### What is required
Retype the entries below exactly, and keep every picture out of your version.

Top of The data

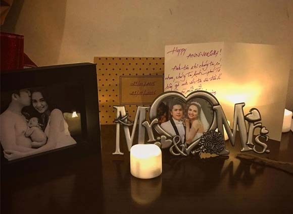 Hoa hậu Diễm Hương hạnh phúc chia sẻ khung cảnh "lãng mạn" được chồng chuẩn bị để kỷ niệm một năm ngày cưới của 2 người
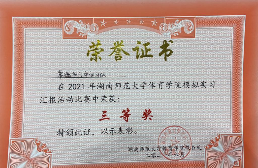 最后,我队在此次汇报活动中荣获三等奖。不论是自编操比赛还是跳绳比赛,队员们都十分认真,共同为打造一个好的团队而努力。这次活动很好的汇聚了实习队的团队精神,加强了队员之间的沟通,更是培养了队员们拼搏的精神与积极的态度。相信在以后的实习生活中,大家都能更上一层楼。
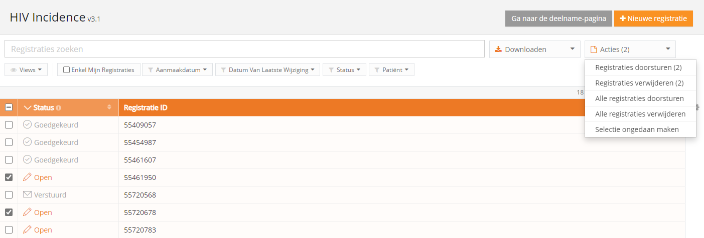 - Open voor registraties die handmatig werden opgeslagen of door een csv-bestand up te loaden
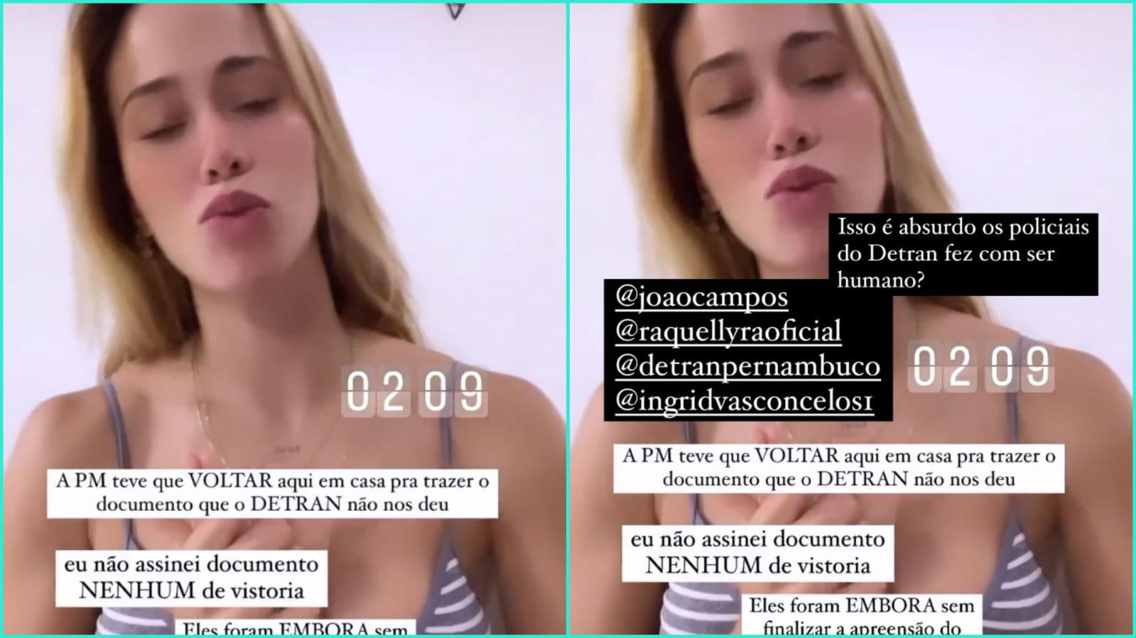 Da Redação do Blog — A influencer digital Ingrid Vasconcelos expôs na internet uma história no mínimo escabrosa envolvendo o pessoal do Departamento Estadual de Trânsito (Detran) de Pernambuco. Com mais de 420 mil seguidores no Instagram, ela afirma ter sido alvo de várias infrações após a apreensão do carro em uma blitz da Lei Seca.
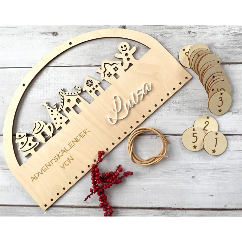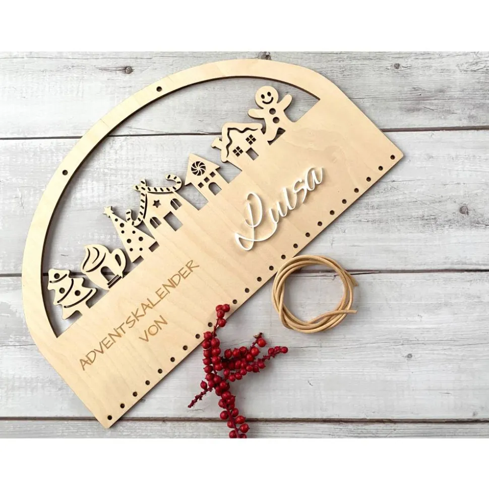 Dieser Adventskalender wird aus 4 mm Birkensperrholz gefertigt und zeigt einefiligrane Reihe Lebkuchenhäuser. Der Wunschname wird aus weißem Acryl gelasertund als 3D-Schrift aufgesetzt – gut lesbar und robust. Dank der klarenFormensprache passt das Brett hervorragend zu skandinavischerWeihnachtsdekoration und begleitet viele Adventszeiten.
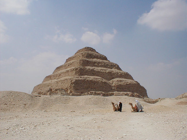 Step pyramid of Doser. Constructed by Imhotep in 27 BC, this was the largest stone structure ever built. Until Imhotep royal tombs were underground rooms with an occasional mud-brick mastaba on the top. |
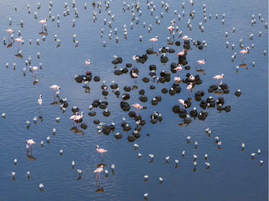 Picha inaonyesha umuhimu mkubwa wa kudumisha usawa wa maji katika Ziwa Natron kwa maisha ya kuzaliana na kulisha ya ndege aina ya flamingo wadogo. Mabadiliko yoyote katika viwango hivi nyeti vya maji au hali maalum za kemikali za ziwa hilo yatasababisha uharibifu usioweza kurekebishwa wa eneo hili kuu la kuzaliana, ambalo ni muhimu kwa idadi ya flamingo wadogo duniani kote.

Bottom of The data

### Exercise response
 Hoa hậu Diễm Hương hạnh phúc chia sẻ khung cảnh "lãng mạn" được chồng chuẩn bị để kỷ niệm một năm ngày cưới của 2 người
 最后,我队在此次汇报活动中荣获三等奖。不论是自编操比赛还是跳绳比赛,队员们都十分认真,共同为打造一个好的团队而努力。这次活动很好的汇聚了实习队的团队精神,加强了队员之间的沟通,更是培养了队员们拼搏的精神与积极的态度。相信在以后的实习生活中,大家都能更上一层楼。
 - Open voor registraties die handmatig werden opgeslagen of door een csv-bestand up te loaden
 Da Redação do Blog — A influencer digital Ingrid Vasconcelos expôs na internet uma história no mínimo escabrosa envolvendo o pessoal do Departamento Estadual de Trânsito (Detran) de Pernambuco. Com mais de 420 mil seguidores no Instagram, ela afirma ter sido alvo de várias infrações após a apreensão do carro em uma blitz da Lei Seca.
 Dieser Adventskalender wird aus 4 mm Birkensperrholz gefertigt und zeigt einefiligrane Reihe Lebkuchenhäuser. Der Wunschname wird aus weißem Acryl gelasertund als 3D-Schrift aufgesetzt – gut lesbar und robust. Dank der klarenFormensprache passt das Brett hervorragend zu skandinavischerWeihnachtsdekoration und begleitet viele Adventszeiten.
 Step pyramid of Doser. Constructed by Imhotep in 27 BC, this was the largest stone structure ever built. Until Imhotep royal tombs were underground rooms with an occasional mud-brick mastaba on the top. |
 Picha inaonyesha umuhimu mkubwa wa kudumisha usawa wa maji katika Ziwa Natron kwa maisha ya kuzaliana na kulisha ya ndege aina ya flamingo wadogo. Mabadiliko yoyote katika viwango hivi nyeti vya maji au hali maalum za kemikali za ziwa hilo yatasababisha uharibifu usioweza kurekebishwa wa eneo hili kuu la kuzaliana, ambalo ni muhimu kwa idadi ya flamingo wadogo duniani kote.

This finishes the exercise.